Look at the json. Here is your dream: there is a * inside a string. It means you can use regular expression!

This is how you will filter some paths for iOS. You can either choose what url you want to open, or you can suppress some url in this file.

So in our case, paths will look like:

"paths": [ "/developer-news", 
"*.html",
"NOT /contact" ] // in this case, this condition doesn't serve, but I just wanted to show the syntaxe

Once you’ve added this file to your website, you will only be able to open all the path you have authorized on your app.

Recap

Ok, so now after adding the files on the website we have:

  • For iOS, the app open it self with the links /developer-news and *.html, however we’ve make sure that the /contact link won’t be open in the app 🎉
  • For Android, we still open every link and we didn’t find any ways not to open the /contact link ☹️

And in both cases, the app is open, but the page is not! So let’s do it!

The purpose of the apple-app-site-association for iOS is to filter the path you want to open.

For the assetlinks.json for Android, it is to authorize your app to open without asking the permission to the user.

 

 

Step 3: Configuring in React Navigation

To manage Universal links, in React Navigation, there is a great option: the linking prop in your NavigationContainer. In this object, you just need to give your domain name and then what screen you want to open for each path.

I’m not going to explain here how great it is. There’s already a whole page on the documentation of React Navigation that will do it better than I could! Instead, I am going to talk about just one option of the linking object: getStateFromPath.

The thing is, React Navigation linking object is so smart it can parse your path...

However you may not want this parsing ! In my example for the url that ends with .html I want to handle totoro.html the same way I handle my-best-friend/totoro.html. In this case, in the linking object, we have to use the function getStateFromPath.

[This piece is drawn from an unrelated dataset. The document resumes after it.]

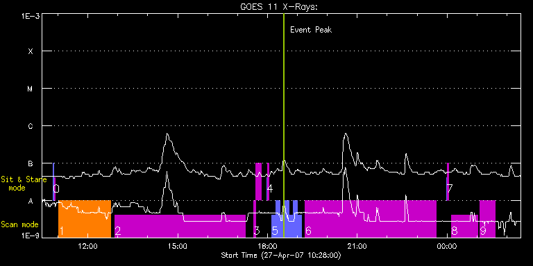 EIS Observation timeline overlay to GOES-Xray curve Code 1" 2" 40" 266" EIS Observations list for this event: STUDY ACRONYM ID DATE OBSERVED DESCRIPTION NOAA# TARGET 0 SYNOP001 | 2395 | 2007/04/27 10:50:13 | SYNOP001_40arcsec_1arcsec_30s_90s | | Quiet Sun TIMELINE ID DATE OBSERVED FITS FILE XCEN (+W/-E) YCEN (+N/-S) DUR ----------------------------------------------------------------------------------------------------------------- 2395 | 2007/04/27 10:50:13.000 | eis_l0_20070427_105013.fits.gz | 0.37 | 57.05 | 2m1s 2395 | 2007/04/27 10:52:28.000 | eis_l0_20070427_105228.fits.gz | 0.38 | 57.07 | 2m1s 1 fil_rast_s2 | 2397 | 2007/04/27 11:01:27 | Simple and quick 240 arcsec raster for | | Filament TIMELINE ID DATE OBSERVED FITS FILE XCEN (+W/-E) YCEN (+N/-S) DUR ----------------------------------------------------------------------------------------------------------------- 2397 | 2007/04/27 11:01:27.000 | eis_l0_20070427_110127.fits.gz | -772.77 | -391.82 | 1h43m59s 2 GAD002_AR_rast | 2399 | 2007/04/27 12:53:27 | GAD002_AR_rast | | Active Region TIMELINE ID DATE OBSERVED FITS FILE XCEN (+W/-E) YCEN (+N/-S) DUR ----------------------------------------------------------------------------------------------------------------- 2399 | 2007/04/27 12:53:27.000 | eis_l0_20070427_125327.fits.gz | -756.09 | -382.45 | 4h22m41s 3 PRY_fast_dens_v2 | 2400 | 2007/04/27 17:32:12 | High cadence sit-and-stare in ARs (imp | | Active Region TIMELINE ID DATE OBSERVED FITS FILE XCEN (+W/-E) YCEN (+N/-S) DUR ----------------------------------------------------------------------------------------------------------------- 2400 | 2007/04/27 17:32:12.000 | eis_l0_20070427_173212.fits.gz | -744.50 | -363.82 | 4m28s 2400 | 2007/04/27 17:36:43.000 | eis_l0_20070427_173643.fits.gz | -744.70 | -363.98 | 10m43s 4 SYNOP001 | 2401 | 2007/04/27 17:58:34 | SYNOP001_40arcsec_1arcsec_30s_90s | | Quiet Sun TIMELINE ID DATE OBSERVED FITS FILE XCEN (+W/-E) YCEN (+N/-S) DUR ----------------------------------------------------------------------------------------------------------------- 2401 | 2007/04/27 17:58:34.000 | eis_l0_20070427_175834.fits.gz | 0.59 | 57.21 | 2m1s 2401 | 2007/04/27 18:00:49.000 | eis_l0_20070427_180049.fits.gz | 0.41 | 57.19 | 2m1s 5 Slot_raster | 2402 | 2007/04/27 18:08:34 | Slot raster | 953 | Quiet Sun TIMELINE ID DATE OBSERVED FITS FILE XCEN (+W/-E) YCEN (+N/-S) DUR ----------------------------------------------------------------------------------------------------------------- 2402 | 2007/04/27 18:08:34.000 | eis_l0_20070427_180834.fits.gz | -720.87 | -311.03 | 8m28s 2402 | 2007/04/27 18:17:06.000 | eis_l0_20070427_181706.fits.gz | -720.12 | -310.45 | 8m29s 2402 | 2007/04/27 18:25:40.000 | eis_l0_20070427_182540.fits.gz | -719.31 | -310.02 | 8m28s 2402 | 2007/04/27 18:34:13.000 | eis_l0_20070427_183413.fits.gz | -718.46 | -309.57 | 8m29s 2402 | 2007/04/27 18:42:46.000 | eis_l0_20070427_184246.fits.gz | -717.73 | -309.13 | 8m28s 2402 | 2007/04/27 18:51:19.000 | eis_l0_20070427_185119.fits.gz | -716.93 | -308.77 | 8m28s 2402 | 2007/04/27 18:59:52.000 | eis_l0_20070427_185952.fits.gz | -716.13 | -308.27 | 8m28s 6 GAD002_AR_rast | 2403 | 2007/04/27 19:15:19 | GAD002_AR_rast | | Active Region TIMELINE ID DATE OBSERVED FITS FILE XCEN (+W/-E) YCEN (+N/-S) DUR ----------------------------------------------------------------------------------------------------------------- 2403 | 2007/04/27 19:15:19.000 | eis_l0_20070427_191519.fits.gz | -720.60 | -362.97 | 4h22m42s 7 SYNOP001 | 2404 | 2007/04/27 23:58:34 | SYNOP001_40arcsec_1arcsec_30s_90s | | Quiet Sun TIMELINE ID DATE OBSERVED FITS FILE XCEN (+W/-E) YCEN (+N/-S) DUR ----------------------------------------------------------------------------------------------------------------- 2404 | 2007/04/27 23:58:34.000 | eis_l0_20070427_235834.fits.gz | 0.52 | 57.18 | 2m1s 2404 | 2007/04/28 00:00:49.000 | eis_l0_20070428_000049.fits.gz | 0.54 | 57.20 | 2m2s 8 RED_SUM_EIS_RAST | 2405 | 2007/04/28 00:08:13 | AVERAGE DOPPLER SHIFT IN QS AND AR | | Quiet Sun TIMELINE ID DATE OBSERVED FITS FILE XCEN (+W/-E) YCEN (+N/-S) DUR ----------------------------------------------------------------------------------------------------------------- 2405 | 2007/04/28 00:08:13.000 | eis_l0_20070428_000813.fits.gz | 569.44 | 557.46 | 53m23s 9 RED_SUM_EIS_RAST | 2406 | 2007/04/28 01:06:12 | AVERAGE DOPPLER SHIFT IN QS AND AR | | Quiet Sun TIMELINE ID DATE OBSERVED FITS FILE XCEN (+W/-E) YCEN (+N/-S) DUR ----------------------------------------------------------------------------------------------------------------- 2406 | 2007/04/28 01:06:12.000 | eis_l0_20070428_010612.fits.gz | 658.75 | 446.36 | 30m30s : Check study information : Download file : View thumbnails For this event, also check for:

This function will give you the whole path as an argument and you will return the state of the navigation you want to display for this path. So for our case, we will do something like that:

const linking = {
...,
getStateFromPath: (path) => {
if (path === '/developer-news') {
return {
index: 0,
routes: [{ name: 'DevelopersPage' }],
} // that's your navigation state
} else if (path.includes('.html')) {
return {
index: 0,
routes: [{name: 'HtmlPage', params: { link: path }]
}
} ...
...
},
...,
}

This is how you can really fine tune your redirection depending on your path.

Recap

Ok, so where are we on our objective for this article?

  • The basic link: /developer-news
  • All .html link: ✅
  • The /contact we don’t want to open: on iOS ✅ however on Android ❌

Unfortunately for now, there is no way to filter out links on Android ☹️. So you have to make a backup plan. The simplest thing you could do is a redirection to some page if you open a path that you haven’t manage.

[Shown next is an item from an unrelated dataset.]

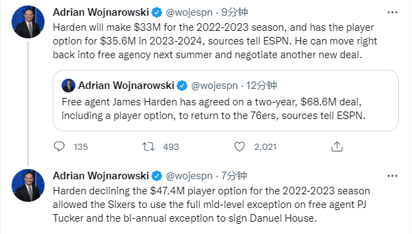 名记还透露哈登此前拒绝了执行4740万美元的球员选项以及降薪1400万美元的真因,哈登此举是为了让76人可以使用完整中产特例签下PJ-塔克(3年3320万美元)以及用双年特例签下豪斯(2年850万美元)。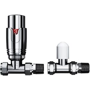 Gravahaus - Thermostatic Straight Radiator Valve & Lockshield - White Chrome

But in our case, we wanted to make sure that the user would be able to go to the link, so we’ve decided to add an in-app-browser. That’s one of many solution.

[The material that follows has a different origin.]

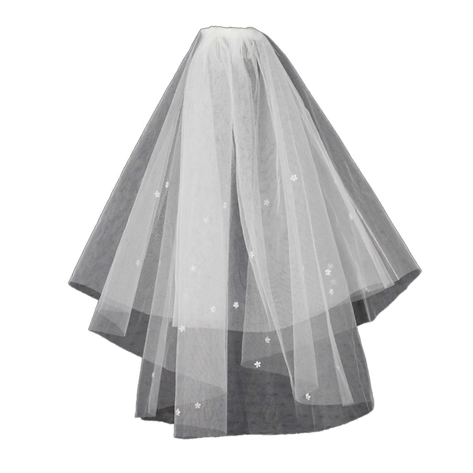 Wedding Veil with Comb Cut Edge Hair Accessories for Bride 2 Tier Sheer Tulle Resin Flower Decoration Illusion Veils Multicolor

So the purpose of the configuration in React Navigation is to manage what you want to do with your Universal link once you have open your app.

 

Final Thought : on a website that is not yet released

Before ending this article, I just wanted to say a word about 2 other issues that we faced.

First is that our website was not yet released when we were doing the app. Of course we had some access to it, but it was protected either with a VPN or with a password. That is not good for universal link. For your two files on the website (apple-app-site-association and assetlinks.json) should be on a public route. It’s logical: otherwise your phone won’t be able to read those files!

And finally we had an issue : when you are on your phone’s browser and you click on an universal link, the universal link will open in your browser. It is to be expected : an universal link starts with https, so it can be handle in a browser !

So to be sure that we open the app by clicking on a link in a browser, there is a great way to handle this : smart links (in our case Firebase dynamic link).